Abstract

Reaction of starch 1 dissolved in dimethyl sulfoxide (DMSO) with bulky thexyldimethylchlorosilane (TDSCl) in the presence of pyridine leads to regioselectively functionalized silyl ethers with a degree of substitution (DS) up to 1.8. The control of the DSSi, of the regioselectivity, and of the reaction pathway is described in detail. The reaction proceeds homogeneously up to DSSi of 0.6. With ongoing silylation the polymers form a separate phase incorporating the silylating agent to form TDS-starches with DSSi values higher than 1.0. After peracetylation of the silyl starches, the substitution pattern has been characterized not only in the anhydroglucose repeating units (AGU) but also in the non-reducing terminal end groups (TEG) by means of two-dimensional 1H NMR techniques. Up to DSSi 1.0, a very high regioselective functionalization of the primary 6-OH groups in the AGU as well as in the TEG is detectable.

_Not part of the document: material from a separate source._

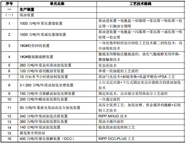 項目擬建設2000萬噸/年原油加工能力,主要配置1000萬噸/年常壓蒸餾裝置和1000萬噸/年常減壓蒸餾裝置、輕烴回收裝置、脫硫脫硫醇裝置、渣油加氫裝置等煉油工藝裝置,乙烯、裂解汽油加氫、芳烴抽提、丁二烯抽提、EVA/LDPE等化工工藝裝置,配套公用工程、輔助設施和海水淡化、海水取水及排水等設施。

With increasing silylation (DSSi > 1.0), the subsequent silylation takes place at the 2-OH groups of the AGU and at the 3-OH groups of the TEG. These results are compared with our own investigations on the silylation of starch in the reaction system N-methylpyrrolidone (NMP)/ammonia and on the silylation of cellulose in N,N-dimethylacetamide (DMA)/LiCl/pyridine solution.